Белые ночи у нас – символ поэзии. Молчаливые и мечтательные ленинградцы в белые ночи бродят по пустынным и гулким набережным Невы. И мне белые ночи казались поэтическими, когда поезд подходил к Югре и мы стояли с Ириной у окна.
А потом было светло два месяца подряд. Мы забыли, что такое темнота. Двадцатичасовой день сменялся сумерками – коротким временем, когда трудно было стрелять, а от чтения болели глаза. Первые дни мы не досыпали, а потом научились спать в любое время. Мы путали часы, спрашивали друг у друга: «Сейчас три часа дня или три часа ночи?» Для проверки смотрели на компас. Если солнце на северо-востоке, значит, ночь, если на юго-западе – стало быть, день.
Мы очень скучали по темным ночам, по звездному небу, бархатному небосводу, по электрической лампочке под абажуром и подлинной настоящей темноте. Часто, ложась спать в пять часов дня, мы создавали себе темноту искусственную, залезали в палатку, закрывали ее плотными одеялами, ватниками и свободными спальными мешками. И хотя в палатке дышать было нечем, но мы наслаждались темнотой.
Белые ночи сбивают распорядок. Нам было безразлично, когда ложиться. Иногда, если работа требовала, мы спали в середине дня, иногда в бывшие ночные часы.
И Фокин не захотел ночевать у нас.
– Долетим, – сказал он. – Часа в три буду дома, на своей койке.
Маринов надел теплую шапку, пожал нам всем руки.
– Действуйте, – сказал он. – Обязанности распределены. Не зря я вас обучал. Постараюсь вернуться быстренько. А пока за меня остается Ирина.
Ирина покраснела от гордости и смущения.
– Пускай лучше Гриша, – возразила она.
Но Маринов не доверял мне. Он знал, что я способен найти складки там, где их нет.
И снова гудит в воздухе рассерженная пчела. Дальше, дальше… Тише… Совсем затихла. Тишина. Всплескивает рыба. Белая гладь реки. Сумеречный бесцветный лес.
Как же мы будем работать без Маринова? Его методом? Но метод только что опровергли на соседней реке!
ГЛАВА ОДИННАДЦАТАЯ
1
Ларькино запомнилось мне тишиной.
В последние годы я не был избалован тишиной. На фронте я служил артиллеристом, и, вероятно, потому война представляется мне как беспрерывный грохот. Даже в часы затишья фронт ворчал, как темное небо перед грозой. А затем налетал стальной вихрь с режущим визгом мин, истеричным воплем штурмовиков, басистым ревом тяжелых орудий и всепокрывающим громом моей собственной батареи.
Впервые мы окунулись в тишину на Лосьве, но Маринов не дал нам почувствовать ее. Днем напряженная работа, некогда прислушиваться. А вечером все безразлично, хоть молотком по железу стучи. Спать, спать, спать!

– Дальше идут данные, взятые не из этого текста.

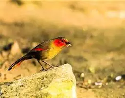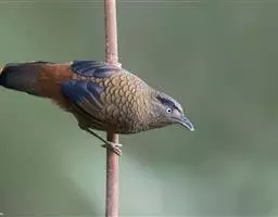 习性:留鸟。常单独或成对活动,有时也集成小群。在林下灌丛或竹丛间跳来跳去,边活动边发出“欺威激威-欺威-”的声音。 鸣声特别,甜美而含混的哨音joey joey dii-wiu,倒数第二声音最高。也有多种尖叫、成串的嘁喳声及颤鸣。

Но вот самолет увез Маринова. Ирина, студенты и проводники разъехались по своим местам. А я остался в Ларькине наедине с тишиной.
Ночевал-то я у Ивана Сидоровича. Пелагея, его ласковая хозяйка, будила меня в четыре часа утра и, пока я умывался на речке, ставила на стол обильный завтрак: вареную рыбу и соленых уток или соленую рыбу и вареных уток. Порции хватило бы на пятерых. Из завтрака можно было выкроить обед и ужин. Впрочем, он так и был рассчитан. Человек, уходящий в тайгу, должен наедаться на сутки вперед. Удобнее нести еду в желудке, а не в руках, не в кармане, не в мешке, который цепляется за кусты.
С трудом выбравшись из-за стола, я брал сумку, ружье, молоток и, сделав несколько шагов, нырял в тишину.
В сухой лиственничной тайге нога бесшумно ступала по прелой хвое, на болотистых перелесках тонула в цветном узорном ковре из тончайших разнообразных стебельков мха. Мох был ярко-зеленый на опушках, где росли корявые березы, красновато-коричневый и бурый в мокрых низинах, местами желтый… К желтому мху опасно было подступиться, в буром оставались чавкающие следы, но вскоре упругий ковер распрямлялся, смыкаясь над временной лужицей.
Солнце золотило верхушки деревьев. Наверху в лучах его кувыркались белки, их хвосты казались прозрачными на фоне неба. А внизу было сумрачно, ели протягивали свои оголенные ветви, словно пальцы лешего, хватали за одежду; во мху гнили обросшие плесневыми грибами упавшие стволы. Редкие звуки: треск сучьев, шум ветра на верхушках деревьев, плеск лужицы, куда шлепнулась лягушка, – только подчеркивали тишину.
Я не раз присаживался, чтобы послушать тишину, посмотреть, как суетятся муравьи, как жучки хоронятся в трещинах сосновой коры…
И мысли мои неторопливо плели кружевную паутину. О чем я думал? Как обычно, о камнях и искателях камней. О Гордееве, его планах на будущее, о Маринове, об Ирине, еще раз об Ирине.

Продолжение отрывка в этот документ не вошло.